Salientando que também aqui “a indústria têxtil tem capacidade de responder ao desafio”, o presidente da ATP nota que “não é preciso que todos usem máscaras cirúrgicas, mas sim máscaras que garantam proteção adequada em espaços públicos”, surgindo as máscaras em tecido, reutilizáveis e certificadas pelo centro tecnológico do setor (o Citeve), como a solução.

“Ao conseguir produzir máscaras que se podem lavar e reutilizar, o setor têxtil faz uma diferença enorme relativamente às máscaras que hoje existem, quer do ponto de vista da sustentabilidade, quer do ponto de vista do custo por utilização”, afirma.

Neste sentido, avançou, o Citeve está a trabalhar com a Direção-Geral da Saúde (DGS) e o Infarmed (Autoridade Nacional do Medicamento e Produtos de Saúde) com vista à certificação de máscaras reutilizáveis em tecido, sendo que “a grande maioria da indústria têxtil portuguesa tem capacidade instalada para as produzir, quer para Portugal, quer para exportação para o resto da Europa”.

“E isto sim – sustenta Mário Jorge Machado - pode fazer a grande diferença entre uma recuperação mais rápida ou mais lenta da economia”.

“Se todos pudermos usar uma máscara adequada para estarmos em espaços públicos sem contaminarmos nem sermos contaminados, em vez de estarmos todos confinados em casa, podemos fazer uma vida praticamente normal e por a economia a funcionar, porque o sistema não aguenta estarmos todos fechados meses à espera que apareça uma vacina”, afirmou.

A nível global, a pandemia de covid-19 já provocou quase 127 mil mortos e infetou mais de dois milhões de pessoas em 193 países e territórios. Mais de 428 mil doentes foram considerados curados.

Em Portugal, morreram 599 pessoas das 18.091 registadas como infetadas.

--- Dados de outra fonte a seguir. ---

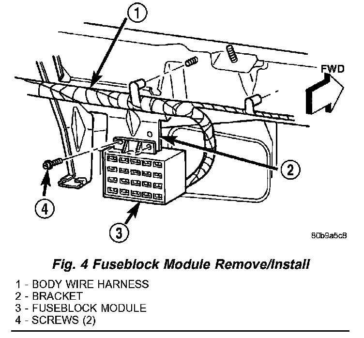 6. Remove the two screws that secure the fuse- block module to the bracket on the dash panel (Fig.4).
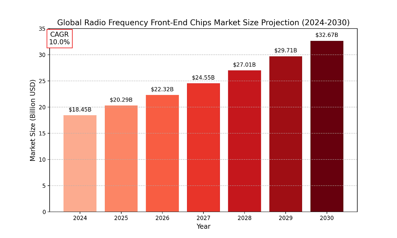 The "Global Radio Frequency Front-End Chips Market" size was valued at US$ 18.45 billion in 2024 and is projected to reach US$ 32.67 billion by 2030, at a CAGR of 10.0% during the forecast period 2024-2030.
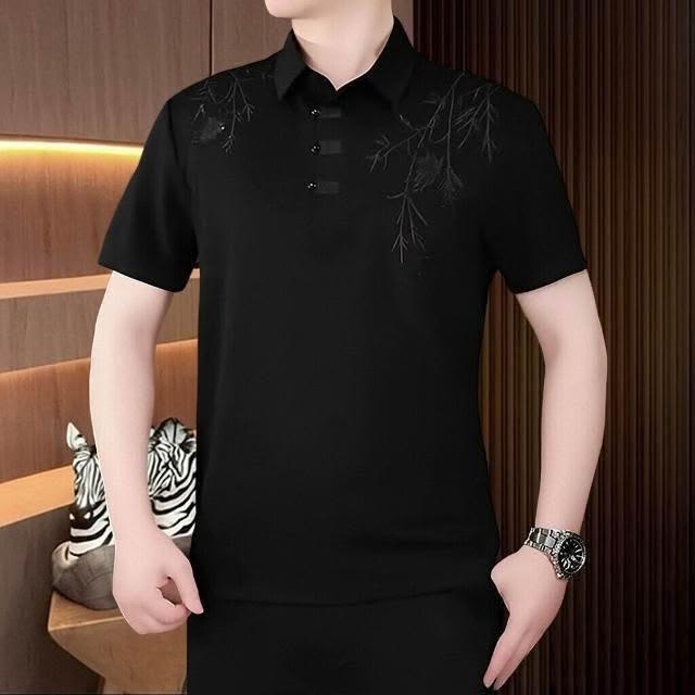 新品 含發票 時尚青年男裝休閑T恤國風新中式領刺繡日常通勤款
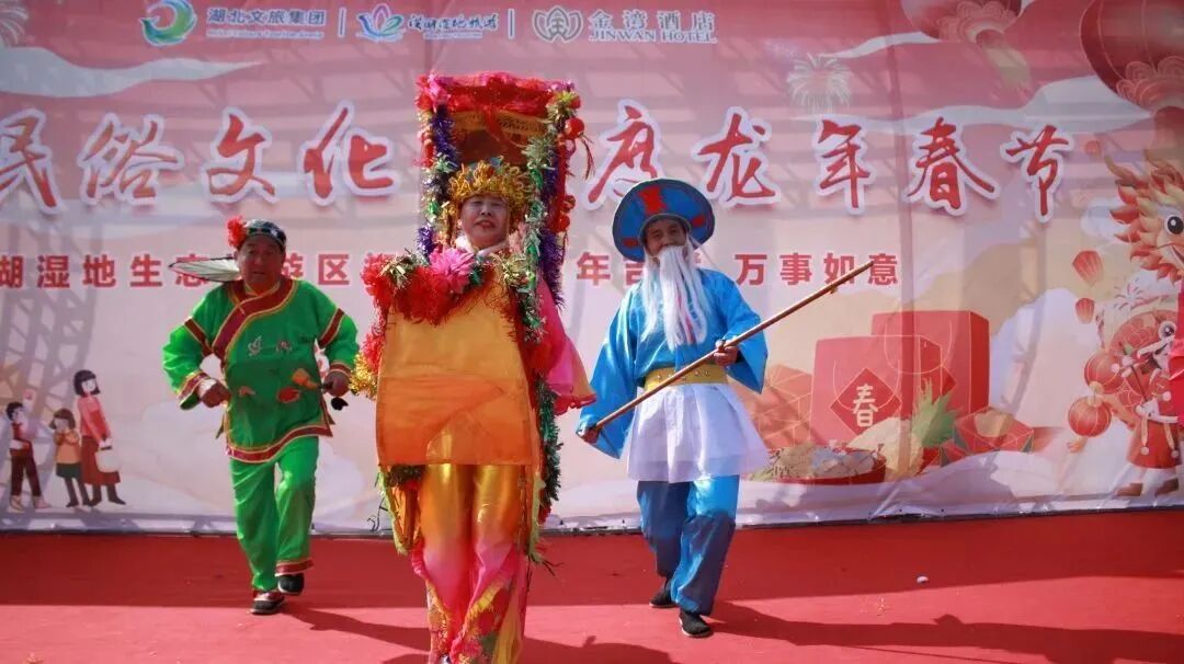 在洪湖龙街悬挂具有民俗特色的元宵彩灯,在彩灯下悬挂灯谜卡片,增加趣味性和可玩性;组织开展民俗文化和荆州花鼓戏节目展演。
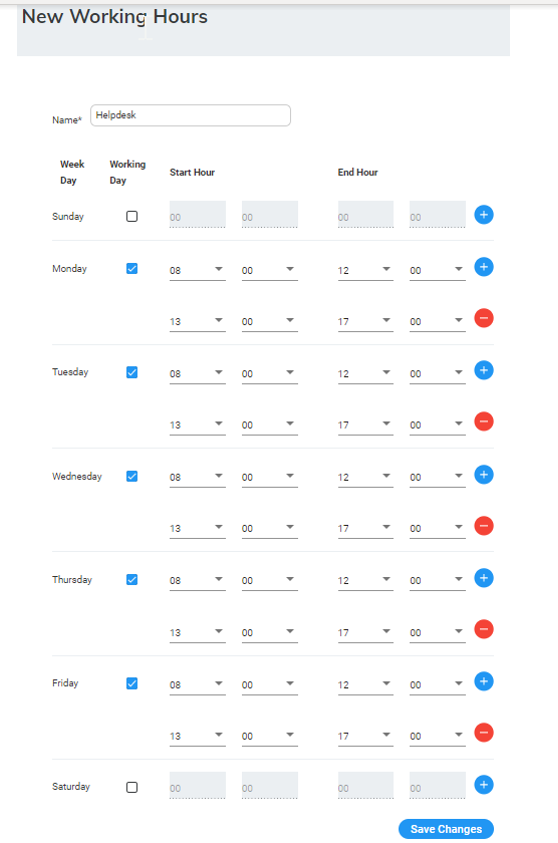 1. Open the Working Hours Details screen (Configuration > Working Hours); the following appears:

A doença é transmitida por um novo coronavírus detetado no final de dezembro, em Wuhan, uma cidade do centro da China.

Para combater a pandemia, os governos mandaram para casa quatro mil milhões de pessoas (mais de metade da população do planeta), encerraram o comércio não essencial e reduziram drasticamente o tráfego aéreo, paralisando setores inteiros da economia mundial.